Introduction

There is growing evidence that sets of similar items can be represented in terms of a summary description, such as mean size (e.g., Ariely 2001; Chong & Treisman, 2005). For example, after briefly seeing a set of differently sized circles, observers are remarkably accurate at estimating the mean size of the set and often mistake a subsequent test circle with the same size as the mean set size as one of the set members (e.g., Ariely, 2001). Visual averaging has also been shown for images of human faces. When presented with sets of multiple faces differing in identity (De Fockert & Wolfenstein, 2009; Haberman & Whitney, 2009) or emotional expression (Haberman & Whitney, 2007) and asked subsequently to judge whether a single test face had been part of the previously seen set, people mistakenly choose a morphed average of all seen faces more often than they choose an actual set member. The finding that items resembling the average of multiple seen items are likely to be endorsed as set members suggests that the visual system can efficiently represent large amounts of visual information by extracting certain summary statistics from sets of similar items. Further support for the notion that faces may be represented by averaging information from multiple face instances has come from the finding that face recognition is better in systems that represent multiple instances of a face in terms of a morphed average, thereby forming a stable image in which accidental variation between instances is averaged out (e.g., Jenkins & Burton, 2008, 2011).

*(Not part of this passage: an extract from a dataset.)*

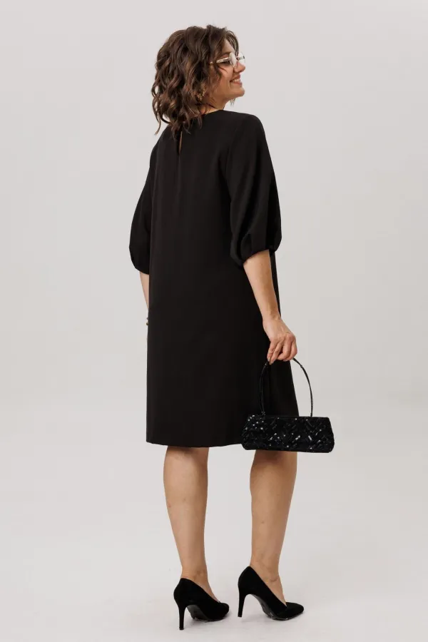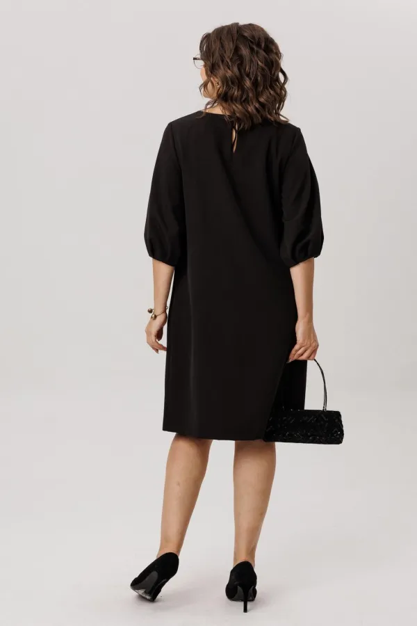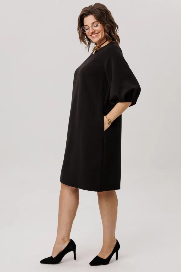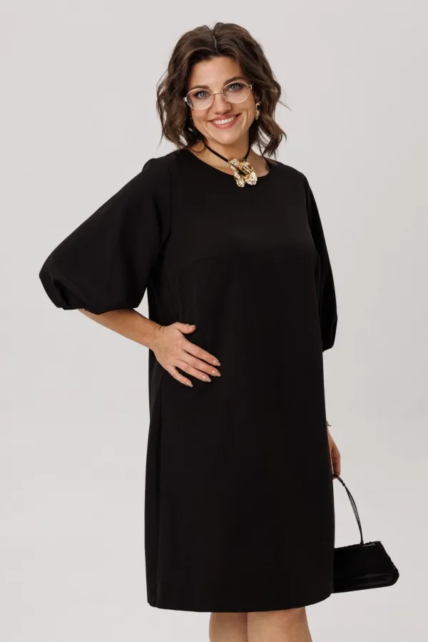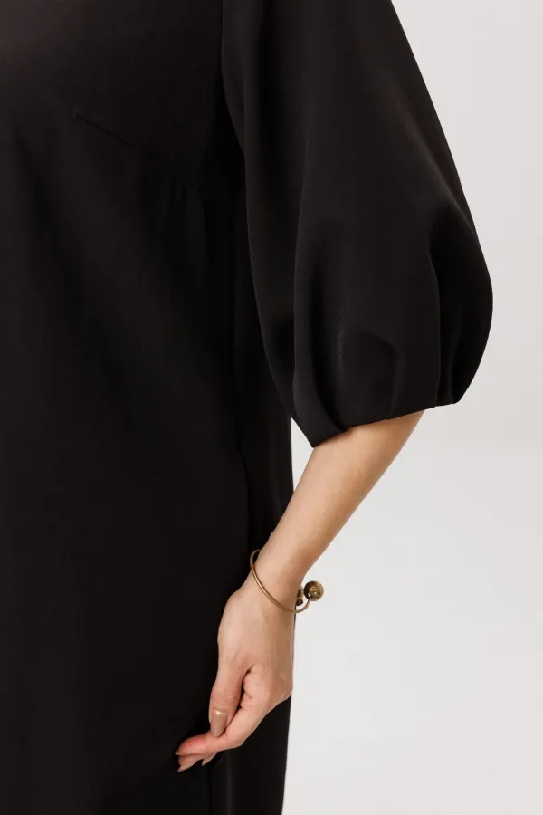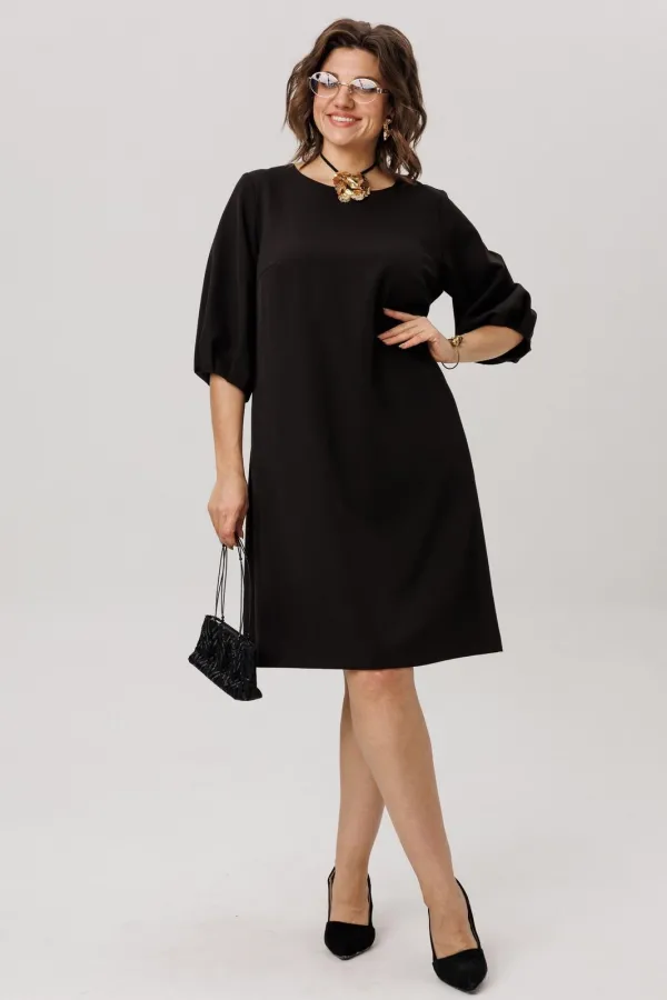 Мягкий рукав платья украшен у запястья изящной сборкой, придающей образу лёгкость и утончённость. Идеальная длина, прикрывающая колени, создана для повседневного комфорта, сохраняя при этом элегантность силуэта.

Since performance on face recognition tasks tends to differ between the sexes (Cross, Cross, & Daly, 1971; Ino, Nakai, Azuma, Kimura, & Fukuyama, 2010; Lewin & Herlitz, 2002; Rehnman & Herlitz, 2006, 2007; Shaw & Skolnick, 1994, 1999; Wright & Sladden, 2003), the aim of present study was to investigate gender differences in the tendency to represent sets of faces in terms of a summary description. There is some indirect evidence to suggest that there may be gender differences in visual averaging. Females tend to process more contextual visual information, as compared with males (Barnett-Cowan, Dyde, Thompson, & Harris, 2010), who are more likely to adopt a local bias in visual processing (Phillips, Chapman, & Berry, 2004). Together with the evidence that distributed attention leads to more accurate mean estimations than does focused attention (Chong & Treisman, 2005), this implies that the more focused male processing style may be associated with a reduced tendency to process multiple items in order to extract a summary representation.

An often reported finding is that females are better than males at recognizing female faces (Cross et al., 1971; Lewin & Herlitz, 2002; Rehnman & Herlitz, 2006, 2007; Shaw & Skolnick, 1994, 1999; Wright & Sladden, 2003), whereas male observers are sometimes better at recognizing male faces than female faces (Ino et al., 2010; Shaw & Skolnick, 1994, 1999; Wright & Sladden, 2003). The own-gender advantage in face recognition is generally explained in terms of differences in interest and motivation (McKelvie, Standing, St. Jean, & Law, 1993) or perceptual expertise (Lovén, Herlitz, & Rehnman, 2011). In the present article, we investigated whether the own-gender advantage would also be evident when observers had to indicate whether a test face had been present in a previously seen set of faces, and the face could be either a true set member or a morphed average of all set members. We argued that an own-gender advantage would lead to greater correct endorsement of set members and reduced incorrect endorsement of morphed average faces, for own-gender (vs. other-gender) faces.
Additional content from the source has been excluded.